Dimissioni che i due dirigenti definiscono “un atto dovuto nel segno della responsabilità e della rigenerazione del partito”.

“Per questo motivo – scrivono Vigni e Anatrini – è auspicabile un’effettiva unità sia nel Pd che tra tutte le forze di opposizione presenti in consiglio comunale. Non sono più accettabili attacchi nei nostri confronti da parte di chi dovrebbe stare dalla nostra stessa parte”.

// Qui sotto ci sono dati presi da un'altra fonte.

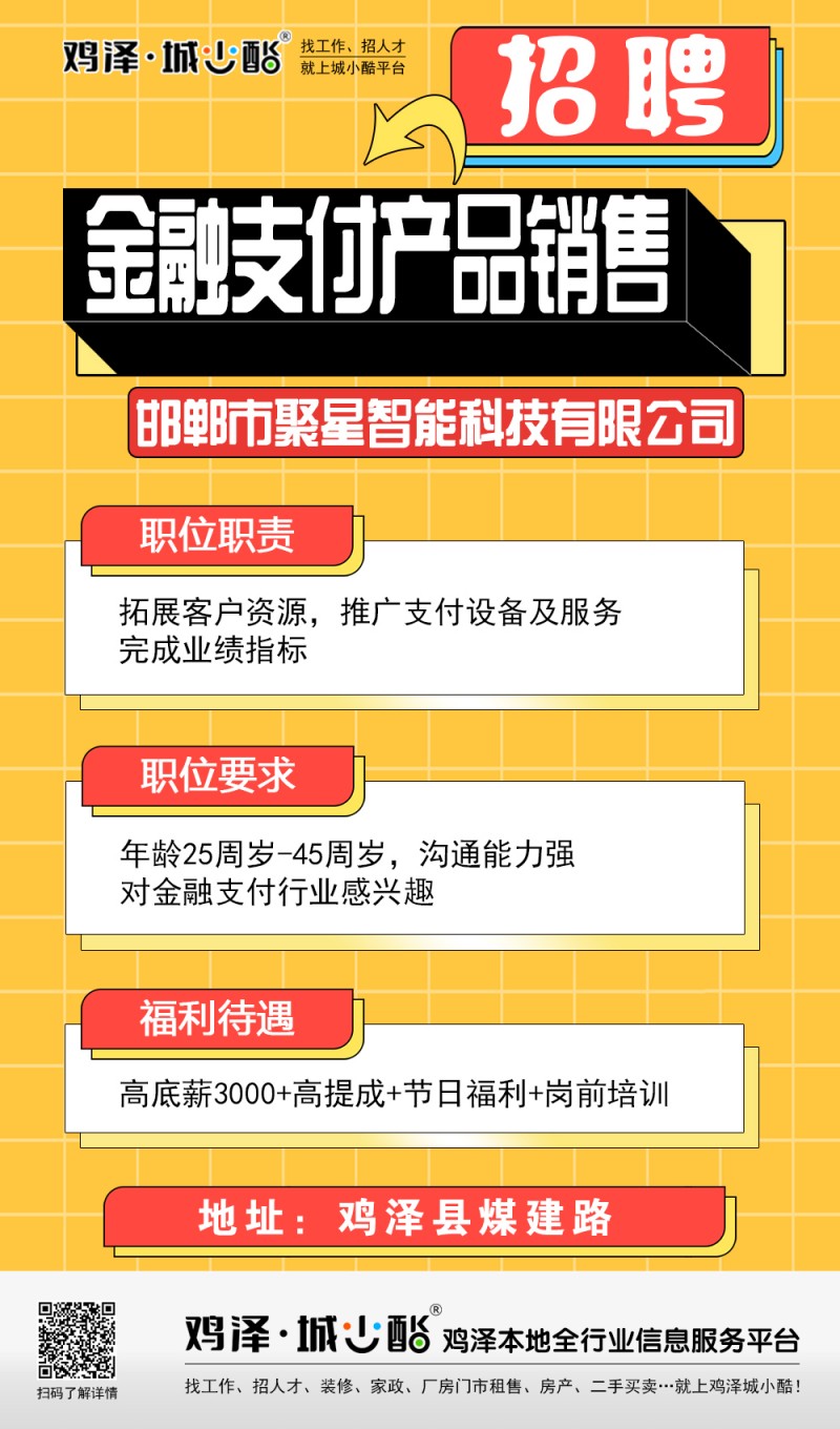 邯郸市聚星智能科技有限公司诚招销售精英,年龄25周岁-.-45周岁,高底薪3000+高提成+节日福利+岗前培训。地点:鸡泽县煤建路

Nei prossimi giorni, spiegano ancora, “riuniremo la direzione per nominare la reggenza e individuare il percorso per arrivare il prima possibile alla nomina del nuovo segretario”. Vigni e Anatrini hanno anche ringraziato “gli oltre 11.600 elettori che ci hanno dato fiducia al ballottaggio del 24 giugno. Come Pd garantiremo loro un impegno serio e costante non solo tra i banchi dell’opposizione ma soprattutto in città per continuare a dialogare con la comunità, raccogliere i bisogni e le richieste dei cittadini e portarle all’attenzione dell’amministrazione”.

Naturalmente la resa dei conti non finisce qui. Nel Pd senese, inteso non solo come livello cittadino, ma di tutta la provincia, c’è chi chiede le dimissioni anche del segretario provinciale Andrea Valenti, che dopo aver vinto, abbastanza a sorpresa il congresso, battendo la componente renziana, poi non è evidentemente riuscito a imprimere un cambio di passo al partito. C’è chi gli rimprovera di non essersi opposto al “patto scellerato” con Piccini, che gli elettori hanno vissuto come una riedizione del “groviglio armonioso” che ha portato Siena al disastro.

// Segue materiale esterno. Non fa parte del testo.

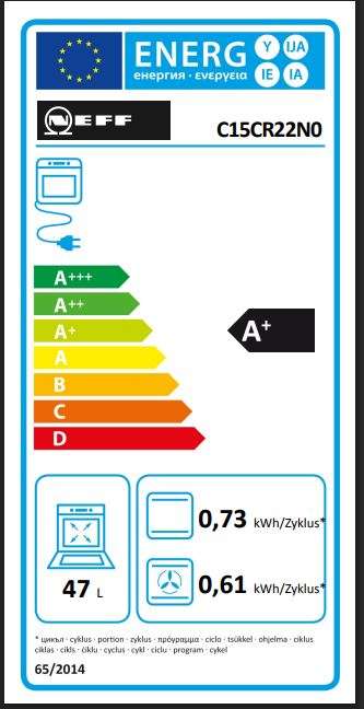 Energieklasse: A+ (Spektrum: Von A+++ bis D) Energylabel A+ Spektrum: Von A+++ bis D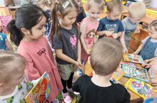 В "День дарения книги" дети средней группы "Капитошка " посетили малышек первой младшей группы "Улыбка" и с радостью подарили свои любимые книги.

Certo, la campagna elettorale per le Comunali è stata gestita dall’Unione Comunale di Siena, non dal livello provinciale. Ma la leadeship Valenti – dicono alcuni – si è dimostrata debole e silenziosa. Poteva avere più peso nel dettare la linea.

Sotto accusa oltre Valenti anche lo stesso Bruno Valentini, il grande sconfitto, e i leaders delle varie componenti, da Scaramelli a Dallai a Monaci…  Il tonfo elettorale che ha portato la destra alla guida del Comune, sia pure per una manciata di voti (378 per l’esattezza, che su 24 mila votanti al ballottaggio sono in’inezia) è una sconfitta di tutti e il redde rationem non risparmierà nessuno.

Quella che al momento non emerge però è la direzione che intenderà prendere il Pd. E soprattutto se il Pd rimarrà tale, provando a far prevalere le ragioni del’unità, evocate da Vigni e Anatrini o si scinderà di nuovo, con una parte pronta a seguire Calenda e una parte in libera uscita.

Intanto il neo sindaco di centro destra De Mossi si è presentato con una “sparata”  revanscista, poco seria e poco rispettosa della storia politica della città del Palio, parlando di “cambiamento dopo 74 anni di malgoverno della sinistra”. Gli ultimi 20 sì, sono stati caratterizzati da scelte discutibili e disastrose, ma i primi 50 no. Fino agli anni ’90 Siena è stata un esempio di buon governo, riconosciuto a livello nazionale e internazionale. Fu la prima città in Italia ad istituire la zona blu, cioè a vietare il traffico nel centro storico, per dire…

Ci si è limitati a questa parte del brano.